仕事もプライベートも順調に進めて行けているからなのか、5月はあっという間に過ぎてゆく印象。読み終わった『マギカへの誘い』を怜に返して、著者である茜音さんにその感想を伝えようと思いながらも所々難解な部分があるだけになかなか文章が浮かばない。もともと感想文を書くのも上手ではないし、自分の理解で合っているのかどうか自信が無くなると何を伝えたものか分からなくなる。ただ、わたしが読んで感じた事の中ではっきりとしているのは、



『魔法が存在したとしたらわたしは何をしようと思うのか』



という事を考えさせられたことだ。そしてわたしの間違いでなければ、本を書いた茜音さんも『魔法で実現したい事がある』という感情を持っているように感じられたという事。
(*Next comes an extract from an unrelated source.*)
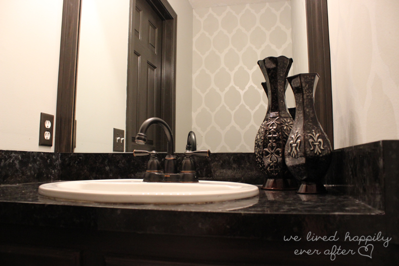 My parent’s guest bathroom was in need of some real love. With zero natural light & ugly builder grade everything, we had our work cut out for us… and believe it or not, on a budget of under $100 this is what it was transformed into. The projects included in this bathroom redo were the counter tops ($25), refacing the cabinets, framing the mirror, and painting & stenciling the walls (Tutorial for my free hand wall stencil found here)

この問いに対して、例えば陸さんの作品の展示会場に何らかの力で多くの人を集めることが出来るのならと思っている自分の気持が組み合わさる。外が暗くなってハンナがわたしに近付いてきたその場でウトウトし始めている様子をニヤつきながら撮影してすぐさまSNSのアプリ上で編集していた時、そのスマホに通知が入る。



「あ、陸さんからだ」



メッセージは『新作アップしました』という内容で、一度写真の編集を辞めもう一つのSNSを開いて「Asita」さんのアカウントの投稿を確認しに行くと最新のところに『旅』というタイトルで陸さんの新しいイラストが表示されていた。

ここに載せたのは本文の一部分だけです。